Langsam, fast beschwerlich erhebt der greise Dianapriester den Blick unter den herabhängenden Brauenbüscheln und starrt seinen Schwager mit einem leeren Blick an, als ob er in Zweifel sei, ob er Marcus nicht oder dieser ihn nicht verstünde.
Nach und nach merkt er, daß in den krampfhaft bewegten Zügen dieses trotz aller Wetterbräune todblassen Gesichtes sich etwas Neues und Unbekanntes zeigt, eine innere Qual, die nur zur Hälfte der Schreckenstat entstammt, die ihm soeben gebeichtet wurde.
»Was meinst du? was hast du mir zu sagen, Marcus?«
»Fulvia war unschuldig. Du warst nur schuldig in deinem Jähzorn und durch die furchtbare Kraft deiner Hände. Ich war der Schuldige.«
Rufus antwortet nur mit einem müden Kopfschütteln, als ob er meine, der junge Schwager rede irre.
»Mein frevelhafter Jugendleichtsinn – ein böser Dämon hat ihn in seine Hand genommen, um dies Verhängnis über uns zu bringen – ja auch über mich, denn ich werde mir das nie verzeihen, und ich habe am längsten daran zu tragen.«
Diesmal erhebt Rufus den Kopf und blickt Marcus scharf an. Ganz irre Rede scheint dies doch nicht zu sein.

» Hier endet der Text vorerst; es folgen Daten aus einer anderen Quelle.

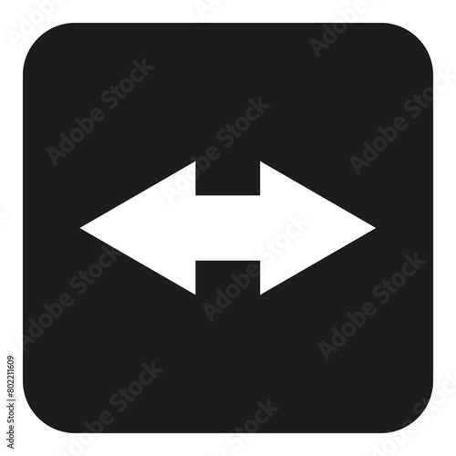 Bidirectional white arrows on black square background icon - stock vector

»Du hattest recht geahnt, Titus, daß durch Phöbe Unheil kommen würde, und durch sie kam es, sagtest du. Ja, das ist so, aber nicht so wie du glaubst. Du meinst, sie hätte eine Begegnung zwischen Fulvia und Varro vermittelt und versucht, dich dann von den Beiden fernzuhalten. Nein, ich will dir erzählen, wie sie das Mittel wurde.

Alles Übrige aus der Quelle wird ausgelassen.